Report: Conservative Paper Washington Times Near CLOSURE

Conservative newspaper The Washington Times is perilously close to shutting down, the website DCRTV reports.

A source told the site that at familial strife is at the heart of the possible closure. The Times is owned by the family of the controversial billionaire Rev. Sun Myung Moon, head of the Unification Church. The reverend founded the paper in 1982, and has kept it afloat even though it has never been profitable. But he is now 90, and his children have taken over the day to day operations of his religious and media empire. His son Preston Moon now runs the Times.

Over the past year, the paper has run into serious financial difficulties, and the church has forced it to cut back.

It stopped publishing on Sundays and went through a deep round of layoffs last year.

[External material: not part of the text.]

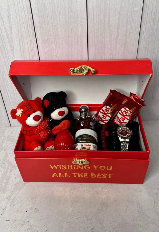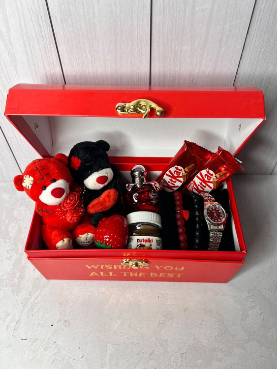 باکس هدیه دخترونه کادو ولنتاین لاکچری قرمز (خرس می تی یو) ۲۲۴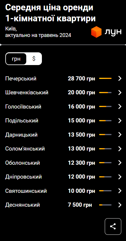 Найдоступніші для оренди однокімнатні квартири можна знайти в Дніпровському (12 000 гривень), Святошинському (10 000 гривень) та Деснянському (7 500 гривень) районах столиці.

In the spring, the church confirmed that it was trying to sell the paper. Clearly, the church's attempts to do so have not been met with much success, leading to reports of the Times' impending closure.

The source told DCRTV that Preston Moon was close to shutting down the paper last Friday:

A press release was reportedly ready for distribution when an apparent last minute and revised offer to buy the paper was submitted, we hear. Sources say that the younger Moon and another board member of TWT are "finished" with the paper and that they couldn't care less about any amount of money that is offered. "It is now about showing Daddy Moon who has the bigger cojones," a source tells DCRTV. "If this offer - and it is a reasonable one - is rejected, the paper could close its doors this week, just shy of 30 years in the nation's capital."

Beyond its financial problems, the Times has long been a lightning rod. Moon's fierce conservative views have never been a secret, and critics have repeatedly accused him of interfering with the paper's editorial independence. In the past few years, a stream of editors and a publisher have left the Times, each saying that the church was meddling too much in both the editorial content and the management of the paper.